**ASSIGNED TASK:** Could you set down exactly the lines in the records below between the line holding "Point d’orgue du" and the line holding "Bei einer angemeldeten", inclusive?

Records contained in a dataset:
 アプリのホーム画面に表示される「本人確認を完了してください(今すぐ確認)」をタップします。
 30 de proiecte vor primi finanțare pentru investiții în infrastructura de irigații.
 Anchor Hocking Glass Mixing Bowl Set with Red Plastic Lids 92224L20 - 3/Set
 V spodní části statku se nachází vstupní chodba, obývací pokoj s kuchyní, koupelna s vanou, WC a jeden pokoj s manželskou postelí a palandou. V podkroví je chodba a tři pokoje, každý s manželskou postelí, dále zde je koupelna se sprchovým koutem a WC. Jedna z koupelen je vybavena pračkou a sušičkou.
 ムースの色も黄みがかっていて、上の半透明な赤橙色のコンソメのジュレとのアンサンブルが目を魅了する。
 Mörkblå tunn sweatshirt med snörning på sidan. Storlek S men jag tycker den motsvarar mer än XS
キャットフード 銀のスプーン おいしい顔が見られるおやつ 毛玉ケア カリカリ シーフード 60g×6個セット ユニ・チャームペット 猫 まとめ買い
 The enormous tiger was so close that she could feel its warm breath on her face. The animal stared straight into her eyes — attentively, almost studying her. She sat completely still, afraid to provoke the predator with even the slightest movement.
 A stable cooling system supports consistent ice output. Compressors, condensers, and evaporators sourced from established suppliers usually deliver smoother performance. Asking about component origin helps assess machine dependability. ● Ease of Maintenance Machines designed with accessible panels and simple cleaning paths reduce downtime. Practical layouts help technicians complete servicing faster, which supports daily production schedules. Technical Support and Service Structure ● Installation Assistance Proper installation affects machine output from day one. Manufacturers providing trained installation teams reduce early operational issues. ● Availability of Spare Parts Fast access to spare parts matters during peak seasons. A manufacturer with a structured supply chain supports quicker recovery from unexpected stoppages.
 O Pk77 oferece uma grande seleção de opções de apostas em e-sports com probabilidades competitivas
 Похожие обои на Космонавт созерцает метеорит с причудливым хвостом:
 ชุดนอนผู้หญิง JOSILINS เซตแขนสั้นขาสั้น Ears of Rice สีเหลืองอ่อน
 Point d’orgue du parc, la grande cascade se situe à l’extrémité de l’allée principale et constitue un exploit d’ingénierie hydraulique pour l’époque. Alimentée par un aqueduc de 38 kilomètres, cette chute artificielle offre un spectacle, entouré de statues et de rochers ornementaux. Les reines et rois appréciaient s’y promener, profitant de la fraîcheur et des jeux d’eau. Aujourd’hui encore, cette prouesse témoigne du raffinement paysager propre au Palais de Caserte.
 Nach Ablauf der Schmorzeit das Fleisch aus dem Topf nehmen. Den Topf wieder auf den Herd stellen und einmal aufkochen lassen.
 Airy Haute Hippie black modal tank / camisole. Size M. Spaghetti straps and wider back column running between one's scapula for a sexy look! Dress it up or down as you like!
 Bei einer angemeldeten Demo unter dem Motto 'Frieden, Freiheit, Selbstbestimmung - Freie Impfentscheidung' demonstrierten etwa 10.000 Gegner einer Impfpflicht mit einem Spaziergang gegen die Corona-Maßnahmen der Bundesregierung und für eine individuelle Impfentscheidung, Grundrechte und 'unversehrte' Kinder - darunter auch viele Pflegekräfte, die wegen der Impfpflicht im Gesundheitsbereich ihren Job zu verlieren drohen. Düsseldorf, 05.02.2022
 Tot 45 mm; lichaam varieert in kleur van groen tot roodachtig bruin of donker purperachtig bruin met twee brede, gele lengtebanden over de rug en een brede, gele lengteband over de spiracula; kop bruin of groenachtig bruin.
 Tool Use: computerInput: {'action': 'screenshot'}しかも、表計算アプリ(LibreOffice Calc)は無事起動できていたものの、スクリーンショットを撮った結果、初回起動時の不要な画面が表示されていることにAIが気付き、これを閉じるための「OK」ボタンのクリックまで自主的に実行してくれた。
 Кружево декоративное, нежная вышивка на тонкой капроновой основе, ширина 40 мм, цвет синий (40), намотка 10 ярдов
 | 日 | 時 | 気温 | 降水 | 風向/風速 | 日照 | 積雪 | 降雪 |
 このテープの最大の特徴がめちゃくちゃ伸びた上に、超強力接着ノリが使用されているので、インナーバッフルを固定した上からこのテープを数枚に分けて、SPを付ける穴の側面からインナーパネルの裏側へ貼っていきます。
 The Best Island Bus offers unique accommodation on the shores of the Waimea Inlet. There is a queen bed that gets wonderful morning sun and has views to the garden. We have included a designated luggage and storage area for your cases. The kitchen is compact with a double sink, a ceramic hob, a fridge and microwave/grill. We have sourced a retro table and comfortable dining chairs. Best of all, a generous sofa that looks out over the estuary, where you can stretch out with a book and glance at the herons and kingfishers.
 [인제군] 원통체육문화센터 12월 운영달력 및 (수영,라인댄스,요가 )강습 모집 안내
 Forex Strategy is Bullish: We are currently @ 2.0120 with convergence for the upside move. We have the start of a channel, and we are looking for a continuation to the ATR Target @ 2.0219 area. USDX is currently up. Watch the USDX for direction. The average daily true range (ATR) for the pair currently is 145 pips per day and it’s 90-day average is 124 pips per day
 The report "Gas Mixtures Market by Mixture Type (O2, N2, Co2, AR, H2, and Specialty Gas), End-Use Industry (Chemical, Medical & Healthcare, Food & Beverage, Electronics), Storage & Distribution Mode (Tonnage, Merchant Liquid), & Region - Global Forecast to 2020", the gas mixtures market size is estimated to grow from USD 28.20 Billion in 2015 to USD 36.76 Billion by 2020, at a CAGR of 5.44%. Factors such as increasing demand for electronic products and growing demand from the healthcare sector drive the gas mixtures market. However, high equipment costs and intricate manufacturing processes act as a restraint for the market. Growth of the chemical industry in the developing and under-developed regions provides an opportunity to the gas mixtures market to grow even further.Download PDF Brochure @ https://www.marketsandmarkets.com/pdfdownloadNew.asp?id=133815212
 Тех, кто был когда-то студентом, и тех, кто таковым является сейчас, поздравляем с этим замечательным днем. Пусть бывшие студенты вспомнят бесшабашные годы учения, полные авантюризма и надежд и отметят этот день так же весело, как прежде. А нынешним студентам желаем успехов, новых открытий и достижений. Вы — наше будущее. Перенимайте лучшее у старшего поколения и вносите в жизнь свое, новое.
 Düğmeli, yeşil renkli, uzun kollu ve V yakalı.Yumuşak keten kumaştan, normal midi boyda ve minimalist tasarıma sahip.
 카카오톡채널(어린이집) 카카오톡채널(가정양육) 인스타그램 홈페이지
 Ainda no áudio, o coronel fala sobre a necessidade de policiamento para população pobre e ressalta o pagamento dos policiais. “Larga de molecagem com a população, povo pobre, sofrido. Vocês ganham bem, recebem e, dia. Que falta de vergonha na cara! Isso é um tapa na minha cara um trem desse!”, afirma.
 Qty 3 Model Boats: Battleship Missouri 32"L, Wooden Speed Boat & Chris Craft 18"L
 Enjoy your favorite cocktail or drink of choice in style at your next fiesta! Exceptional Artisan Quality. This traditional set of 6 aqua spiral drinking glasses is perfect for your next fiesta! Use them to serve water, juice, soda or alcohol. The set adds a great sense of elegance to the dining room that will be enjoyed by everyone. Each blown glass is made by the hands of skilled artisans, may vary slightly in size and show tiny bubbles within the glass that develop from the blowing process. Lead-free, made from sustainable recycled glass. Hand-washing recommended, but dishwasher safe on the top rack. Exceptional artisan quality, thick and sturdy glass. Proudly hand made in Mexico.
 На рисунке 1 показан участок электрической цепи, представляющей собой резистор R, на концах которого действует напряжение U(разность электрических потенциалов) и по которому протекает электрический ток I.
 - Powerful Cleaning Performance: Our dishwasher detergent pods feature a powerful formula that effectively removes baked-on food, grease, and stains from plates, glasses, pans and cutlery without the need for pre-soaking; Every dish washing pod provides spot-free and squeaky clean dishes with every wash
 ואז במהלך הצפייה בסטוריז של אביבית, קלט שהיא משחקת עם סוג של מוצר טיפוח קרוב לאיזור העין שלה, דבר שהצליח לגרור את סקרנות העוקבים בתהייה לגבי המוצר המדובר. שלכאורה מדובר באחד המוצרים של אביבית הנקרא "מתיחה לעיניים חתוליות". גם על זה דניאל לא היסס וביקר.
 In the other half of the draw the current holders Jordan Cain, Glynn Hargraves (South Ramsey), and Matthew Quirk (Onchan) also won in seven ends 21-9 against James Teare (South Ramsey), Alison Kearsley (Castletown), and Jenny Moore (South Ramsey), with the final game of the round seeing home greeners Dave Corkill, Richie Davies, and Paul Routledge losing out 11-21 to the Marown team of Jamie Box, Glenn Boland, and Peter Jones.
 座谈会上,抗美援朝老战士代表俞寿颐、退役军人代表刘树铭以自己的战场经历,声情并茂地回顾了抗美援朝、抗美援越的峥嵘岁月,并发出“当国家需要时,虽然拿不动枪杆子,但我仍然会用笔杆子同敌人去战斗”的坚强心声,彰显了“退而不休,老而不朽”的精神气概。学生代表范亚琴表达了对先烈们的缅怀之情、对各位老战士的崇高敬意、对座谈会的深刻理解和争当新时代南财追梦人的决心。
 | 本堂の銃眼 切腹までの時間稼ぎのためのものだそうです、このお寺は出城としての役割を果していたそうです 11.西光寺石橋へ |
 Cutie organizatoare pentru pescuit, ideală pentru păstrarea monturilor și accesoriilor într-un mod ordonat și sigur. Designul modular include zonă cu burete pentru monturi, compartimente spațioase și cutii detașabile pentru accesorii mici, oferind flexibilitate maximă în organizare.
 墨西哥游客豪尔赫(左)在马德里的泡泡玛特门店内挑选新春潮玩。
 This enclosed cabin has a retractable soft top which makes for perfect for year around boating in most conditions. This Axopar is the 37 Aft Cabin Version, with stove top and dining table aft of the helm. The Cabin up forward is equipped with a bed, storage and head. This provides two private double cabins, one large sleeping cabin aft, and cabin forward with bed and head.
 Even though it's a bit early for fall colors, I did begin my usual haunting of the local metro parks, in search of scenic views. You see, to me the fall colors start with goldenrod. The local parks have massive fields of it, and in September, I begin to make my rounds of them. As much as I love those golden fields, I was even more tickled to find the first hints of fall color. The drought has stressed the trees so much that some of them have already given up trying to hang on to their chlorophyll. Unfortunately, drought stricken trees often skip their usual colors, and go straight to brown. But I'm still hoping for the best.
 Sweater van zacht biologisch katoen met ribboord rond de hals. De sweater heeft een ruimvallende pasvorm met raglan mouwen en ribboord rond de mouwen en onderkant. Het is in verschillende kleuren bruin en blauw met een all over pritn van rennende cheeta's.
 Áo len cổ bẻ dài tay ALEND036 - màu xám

**SOLVED PROBLEM:**
 Point d’orgue du parc, la grande cascade se situe à l’extrémité de l’allée principale et constitue un exploit d’ingénierie hydraulique pour l’époque. Alimentée par un aqueduc de 38 kilomètres, cette chute artificielle offre un spectacle, entouré de statues et de rochers ornementaux. Les reines et rois appréciaient s’y promener, profitant de la fraîcheur et des jeux d’eau. Aujourd’hui encore, cette prouesse témoigne du raffinement paysager propre au Palais de Caserte.
 Nach Ablauf der Schmorzeit das Fleisch aus dem Topf nehmen. Den Topf wieder auf den Herd stellen und einmal aufkochen lassen.
 Airy Haute Hippie black modal tank / camisole. Size M. Spaghetti straps and wider back column running between one's scapula for a sexy look! Dress it up or down as you like!
 Bei einer angemeldeten Demo unter dem Motto 'Frieden, Freiheit, Selbstbestimmung - Freie Impfentscheidung' demonstrierten etwa 10.000 Gegner einer Impfpflicht mit einem Spaziergang gegen die Corona-Maßnahmen der Bundesregierung und für eine individuelle Impfentscheidung, Grundrechte und 'unversehrte' Kinder - darunter auch viele Pflegekräfte, die wegen der Impfpflicht im Gesundheitsbereich ihren Job zu verlieren drohen. Düsseldorf, 05.02.2022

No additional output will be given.